• Since the first commercial oil discoveries around 2010, the general populace has largely played a waiting game.
• A source of significant revenues, may at times be a double-pronged sword if not effectively managed.
The shipment of Kenya’s first oil export via the Early Oil Pilot Scheme (“EOPS”), 200,000 barrels of oil valued at $12 million, generated fanfare and excitement throughout the nation.
Since the first commercial oil discoveries around 2010, the general populace has largely played a waiting game, with patience wearing thin, following the expectation that Kenya will speedily become a natural resource producing nation, specifically petroleum.
A decade down the line, the prospect of petrodollars significantly boosting Kenya’s monetary resource pool is on the horizon.
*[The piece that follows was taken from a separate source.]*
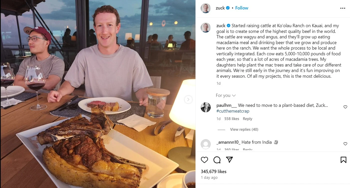 Además de PETA, muchos otros usuarios de Instagram criticaron el proyecto de Zuckerberg y lo acusaron de ser irresponsable con el medio ambiente y de maltratar a los animales.

With the expectation of petrodollars flowing into the Kenyan economy, it stands to reason that it is incumbent on the government to chart out a fiscal strategy on how to maximise benefits arising from the sale of petroleum in international markets, in view of the finite nature of natural resources and, particularly in relation to petroleum resources, the volatility of global oil markets.
As has been evidenced by petroleum-dependent economies, such as Nigeria and Venezuela, the natural resource, while a source of significant revenues, may at times be a double-pronged sword if not effectively managed.
Due to the volatility of global oil markets, together with the finite nature of natural resources, an economy wholly dependent on petroleum revenues exposes itself to adverse consequences, most notably being the resource curse.
The resource curse, coined by British economist Richard Auty and colloquially known as the paradox of plenty or the Dutch Disease, refers to the failure of many resource-rich countries to benefit fully from their natural resource wealth, and for governments in these countries to respond effectively to public welfare needs.
Per numerous studies on the utilisation of natural resource revenue and its impact to the economic standing of a resource-rich nation, it is indeed paradoxical that resource-rich countries often tend to have higher rates of conflict and authoritarianism, lower rates of economic stability and economic stability as compares to their non-resource rich peers.
These challenges largely arise due to the mismanagement of natural resource revenue, exploitation of natural resources revenue by multinational corporations and heavy reliance on oil revenues in exclusion of other revenue streams or industries.
In order to proactively prevent Kenya from falling prey to the resource curse, it is imperative that adequate policies and mechanisms are put in place that ensure natural resource revenues generated through the exportation of petroleum stand to benefit the Kenyan economy in the long term.
A tried and tested solution, is setting up a sovereign wealth fund, through which the government may save petrodollars for the benefit of future generations, and similarly invest the same with a view to diversify Kenya’s income streams.
This ensures that the economy is not dependent on petroleum revenues, which may place the nation at the mercy of volatile oil prices, and that future generations may benefit from the natural resource, even once depleted.